How often do I hear patients – particularly those with neck and shoulder pain or headaches – blame their problem on the stress they are under in their lives? And it’s true. When we are stressed, anxious, cold or otherwise tense, our muscles respond by tightening up and this is an extremely common cause of neck pain and headaches. Our lives these days seem riddled with things specifically designed to keep us worked-up, whether it’s family troubles, money worries or just some irritating person at work. And there’s no getting away from it – we are increasingly unable to take time out for ourselves, thanks to the presence of technology which will beep, buzz and generally jump up and down in front of us until we answer whatever minutiae it has decided requires our attention.
But there are ways we can help ourselves, and here are just a few:
- Stay positive. Easier said than done a lot of the time, but by consciously avoiding thinking negatively about situations and focussing on the good things that have happened in your day, you can often stay a little calmer.
- Avoid information overload. You can’t stop a lot of information coming at you, but you can learn to be effective at prioritising what gets most of your attention. By concentrating on the most important things first, and leaving the little things until later, you often feel more in control of what you are doing. I also find it’s helpful to have, for example, an hour before I stop for lunch and another at the end of the day for doing all the silly little jobs that will otherwise bug the heck out of you, but will only take a moment each. So you spend most of your time on the major projects, knowing the errands and small tasks will still get done.
- Have a tea break. Not only does this afford you the opportunity to stand up and walk around, but it is also a good moment to take a step back from whatever you are working on, helping you to keep the bigger picture in focus.
- Sleep! It’s a vicious cycle – sleep is commonly disrupted by stress, but stress is made worse by lack of sleep. Sleep is vital not only for your psychological well-being, but also your physical well-being. Different things work for different people, but finding a routine which allows you to wind down at the end of the day and get a good nights’ sleep is vitally important. It’s starting to sound a little cliché, but it is often as simple as switching off all screens for 30-60mins before you go to bed.
- Make time for you. Whether it’s an activity you particularly enjoy, a hobby you haven’t been indulging in much lately or simply planning to do nothing at all for an evening except have some quality family-and-friend time, try to make space in your life for something just for you. It will not only help your stress levels, but it will also give you something to look forward to and allow you to work more efficiently when you do get back to whatever else you’ve got going on.
- Take a different view. A bit like trying to think positively, when something happens that causes you worry and anxiety why not try and see how this could actually work in your favour. For example, if you are made redundant, try to look at it as a chance to do something new that you might otherwise never have tried. Or, if money is a bit tight and you can’t take the kids out for a fun trip to the theme park, look for ways to make the most of spending time together by doing something like baking a cake – ingredients can be bought relatively cheaply, the mess and excitement of baking it, plus a delicious treat at the end! Who needs Alton Towers?!

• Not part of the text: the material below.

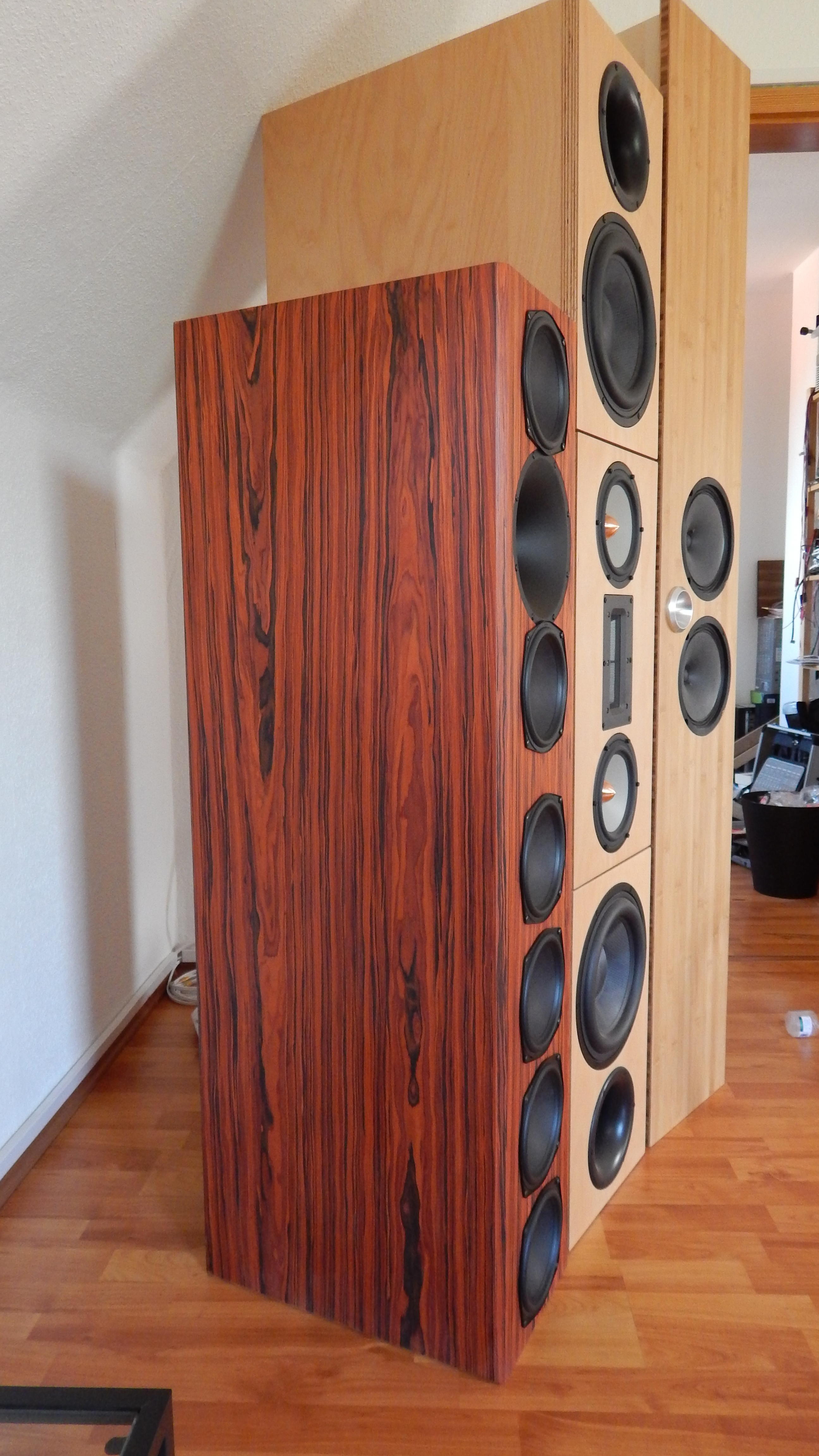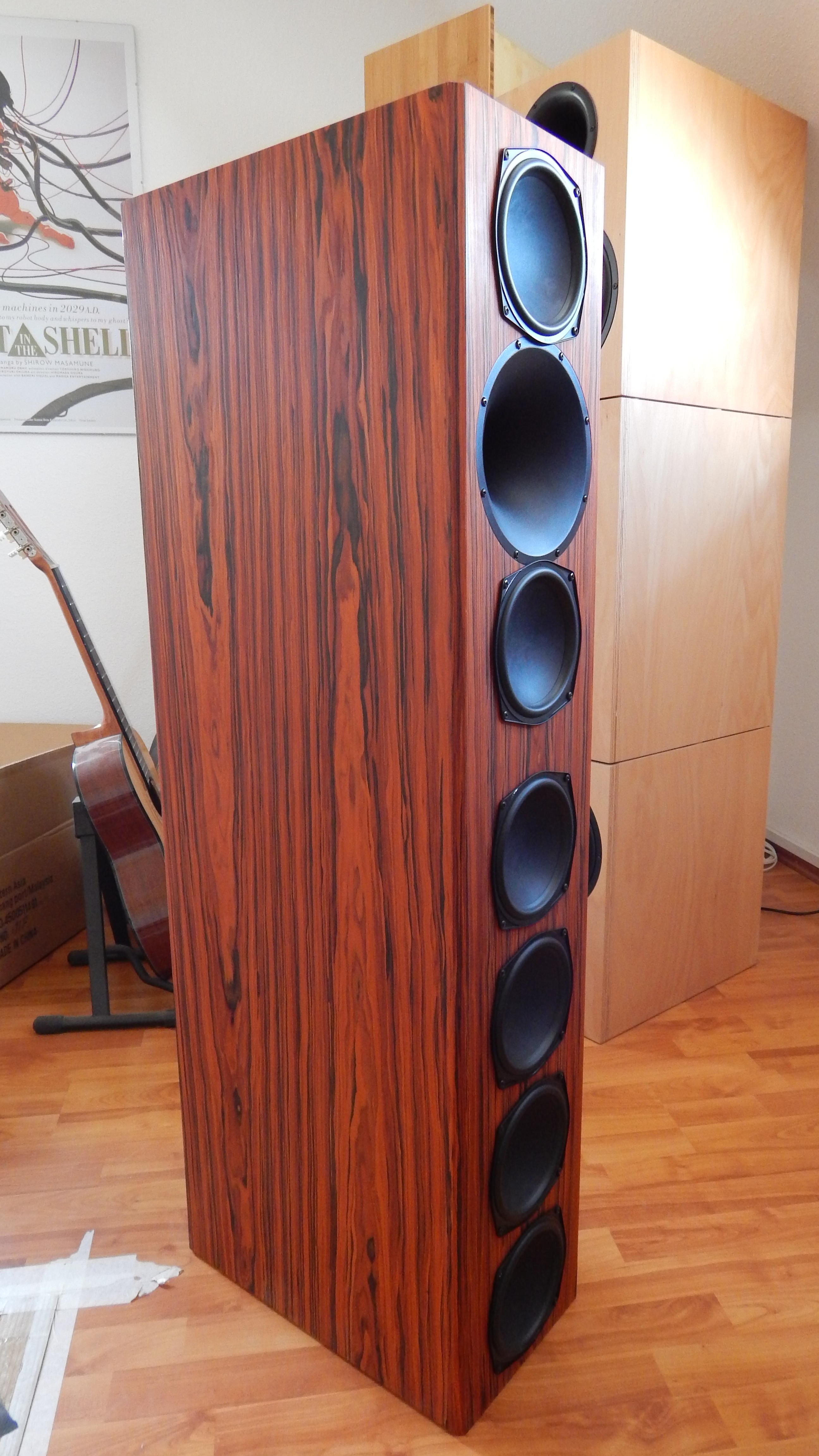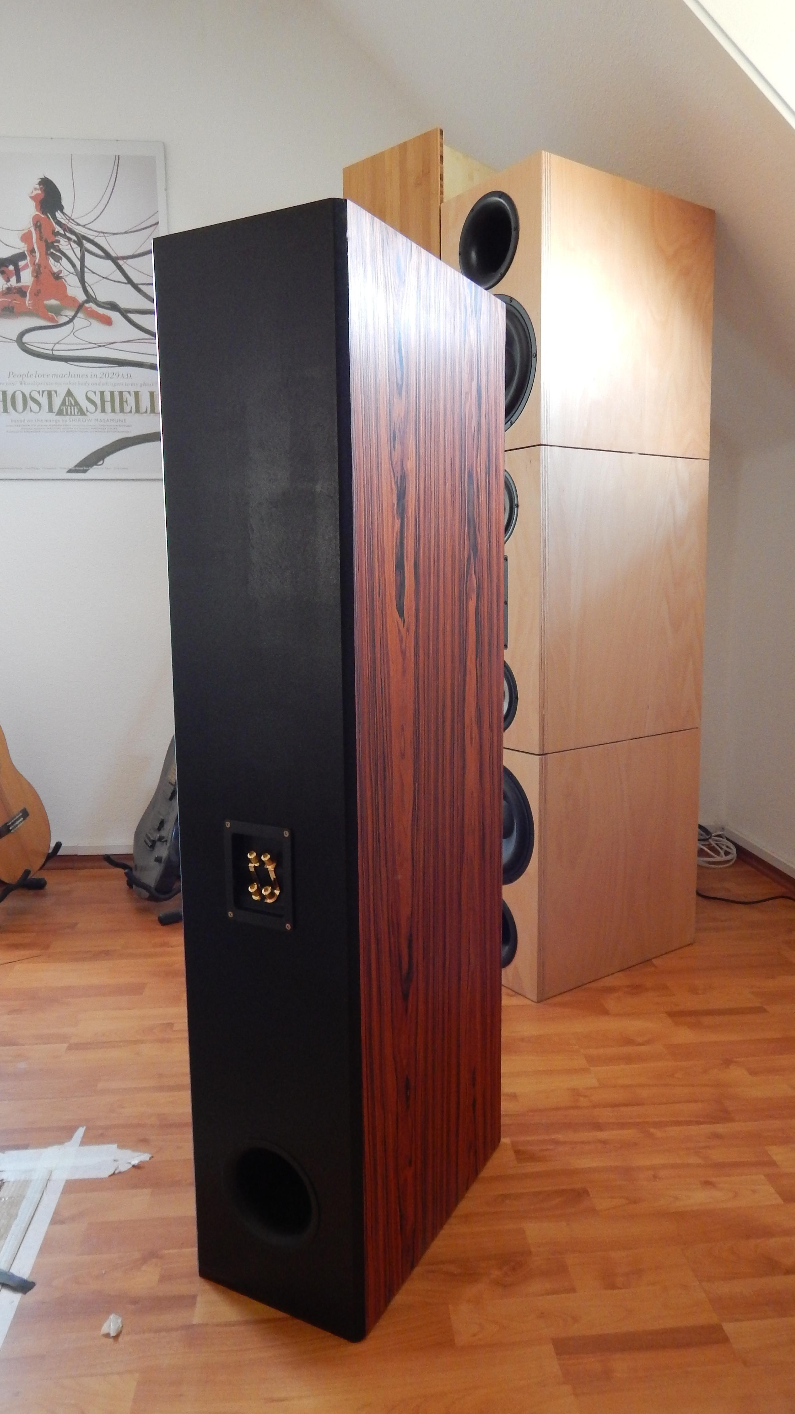Das ist mein Erstlingswerk, ein Paar SAK 161 auch in Santos Palisander aber rötlich gebezeit um meinem Lieblingsfurnier Cocobolo nachzueifern.

- Devote time to helping others. When you feel down, do some good. Go to a pet rescue centre and take an abandoned dog for a walk (a win-win situation, as being around animals also lowers stress levels) or bag groceries for a food bank near your home. It can help put things in perspective, as well as taking you away from whatever was stressing you out in the first place.
- Enjoy park life. I’ve said it before, I’ll undoubtedly say it again…exercise is priceless when it comes to physical and psychological well-being. As the owner of a mad Jack Russell, I sometimes find it hard to motivate myself to take her out for a walk. I know she needs it, I know her irritating behaviours around the house will decrease the minute I do it, but somehow it’s an effort to make myself do it. But it’s so worth it – there’s always something beautiful to look at, no matter what season or what the weather is like.